Emmanuel Macron se rendra en Russie mardi lors de la demi-finale face à la Belgique. Pourtant, la « tradition » du président supporteur est récente.

Emmanuel Macron se rend mardi en Russie à la demi-finale France-Belgique. Évidemment. Tellement évident que sa ministre de la Santé, Agnès Buzyn, n’a pas hésité à invoquer le calendrier de la Coupe du monde pour justifier le report du plan pauvreté. Cette évidence pourtant n’allait pas de soi et cette tradition de président supporteur est récente. « Aujourd’hui, un président ou une présidente ne pourrait pas ne pas assister au match », estime auprès de l’AFP Pascal Boniface, directeur de l’Institut de relations internationales et stratégiques (Iris) et grand spécialiste de la géopolitique du football. « L’équipe de France de football fait partie du soft power de la France. C’est plus que du sport, d’autant que notre équipe est performante et sympathique », sourit le chercheur, qui rappelle qu’Emmanuel Macron, François Hollande et Nicolas Sarkozy sont tous les trois de grands amateurs de foot.

Il a fallu pourtant attendre Jacques Chirac pour voir un président en bleu. Et encore, si le président s’était rendu à Clairefontaine quelques jours avant le Mondial 98, puis s’était affiché avec un maillot barré du numéro 23 dans les tribunes il y a vingt ans, c’était avant tout en tant que dirigeant du pays hôte de la compétition. Mais les records de popularité enregistrés – 68 % de bonnes opinions fin juillet 98 – ont inspiré ses successeurs. En 2016, François Hollande enregistre lui aussi un bond de popularité, + 7 points, lorsque la France se qualifie en finale de l’Euro.

Le foot ringard

Pourtant, dans les années 80, le politique s’était tenu à une prudente distance de la glorieuse équipe tricolore emmenée par Platini et Giresse. À peine François Mitterrand consent-il à assister à la finale France-Espagne au Parc des princes lors de l’Euro 1984 – premier titre majeur des Bleus –, mais il ne fait pas le déplacement deux ans plus tard lors de la Coupe du monde au Mexique, alors que l’équipe d’Henri Michel se qualifie héroïquement dans le dernier carré. Lecteur assidu de L’Équipe, passionné de sport, le président de la République né en 1916 n’entend pas suivre les exemples des chefs d’État supporteurs, à l’instar du président italien Sandro Pertini, bruyant habitué des tribunes, ou, plus tard, Nelson Mandela ou Lula.

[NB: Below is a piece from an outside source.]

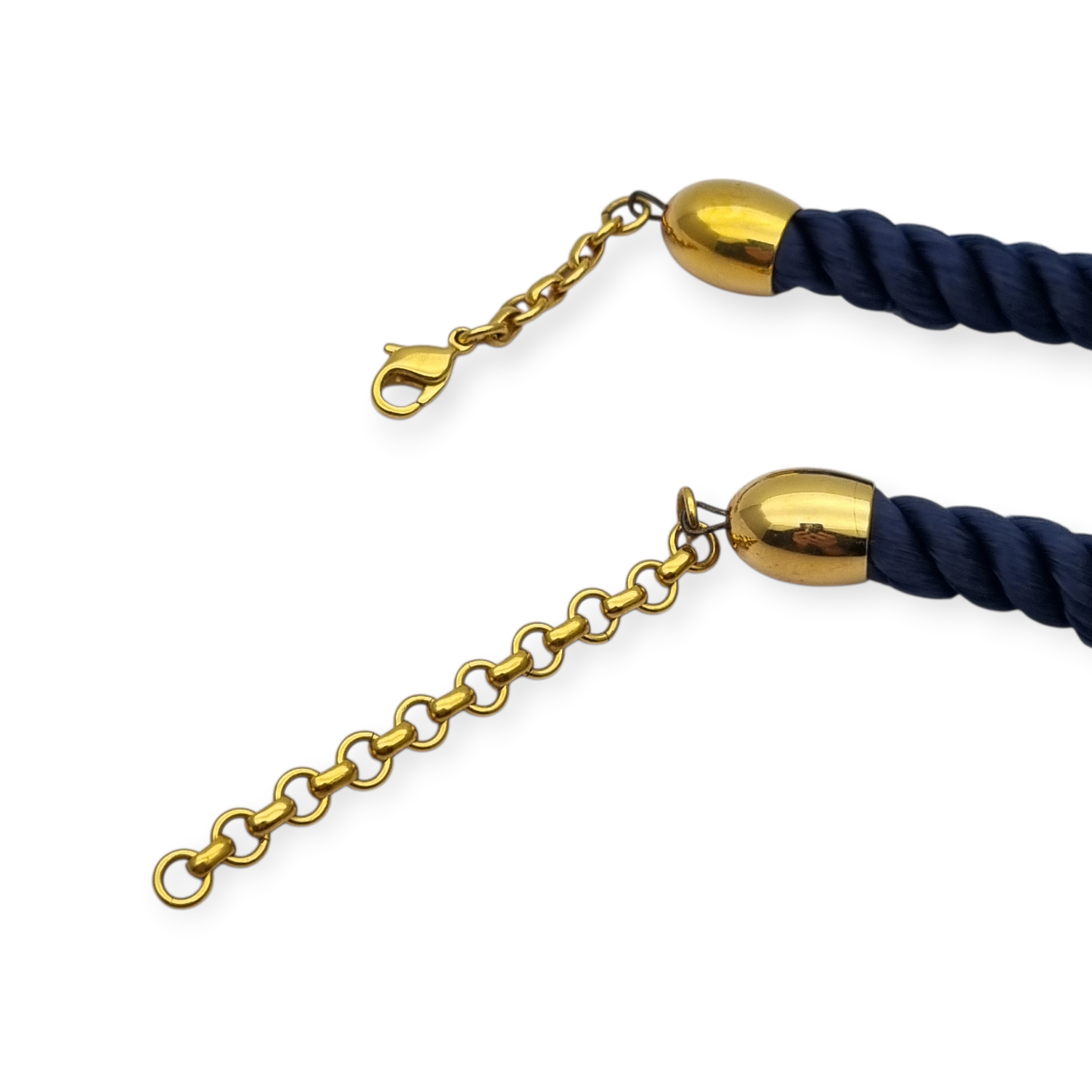 - Materiales: Esmalte, cordón textil y metal con chapado de oro.
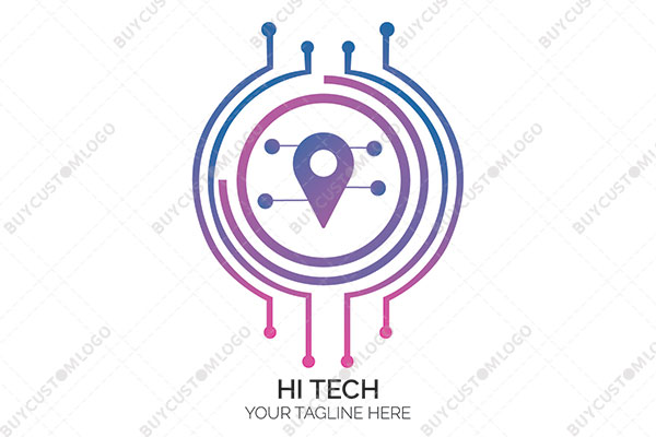 LOGO DESIGN DESCRIPTION This is a custom logo created using the emblem of a location pin, which is integrated with network nodes and incorporated in a circle and circuit lines. Blue and pink are used with gradience in the design however it could be reproduced flat in any colours of your choice without the loss of quality. Highly suitable for tech-related businesses.

« Il fallait sacraliser la fonction », rappelle Pascal Boniface, « et ça ne se faisait pas de porter un maillot de l’équipe de football », alors que le foot a longtemps renvoyé à une imagerie parfois ringarde et souvent raillée. Un an après son accession à l’Élysée, le président socialiste doit intervenir pourtant après le funeste France-Allemagne, demi-finale marquée par l’agression de Schumacher sur Battiston, lors du Mondial 82 en Espagne : François Mitterrand et le chancelier Helmut Kohl signent alors un communiqué commun, « pour faire en sorte que la réconciliation entre les deux pays ne soit pas gâchée par ce match, tant il est vécu comme un drame », rappelle le chercheur.

Des bleus piteux

La rencontre marque également un engouement nouveau du pays pour l’équipe nationale après une longue période jugée médiocre, lors de laquelle l’équipe de France est à peine considérée par les chefs d’État successifs : les Bleus ne se qualifient ni en 1970 sous Pompidou, ni en 1974 quelques semaines après l’accession de VGE à l’Élysée, et « il n’est pas question que Valéry Giscard d’Estaing se rende en Argentine en 1978 » alors que le pays est dirigé par une junte militaire, explique Pascal Boniface.

Quid de Charles de Gaulle, réputé piètre sportif ? Il a lancé la tradition, depuis lors toujours respectée, d’assister à la finale de la Coupe de France, mais n’a jamais eu de mots sur le football. Le général avait certes tonné contre les sportifs français après les Jeux olympiques de Rome en 1960, lors desquels la délégation tricolore était revenue sans la moindre médaille d’or, mais il n’a rien dit du piteux parcours des Bleus, éliminés dès le premier tour lors de la Coupe du monde en Angleterre en 1966. « Le football n’avait pas l’importance qu’il a aujourd’hui », note Pascal Boniface. « Surtout, les relations entre l’Angleterre et la France, qui ne souhaitait pas qu’elle entre dans la communauté européenne, étaient mauvaises. » D’autant que, cette année-là, l’Angleterre a gagné.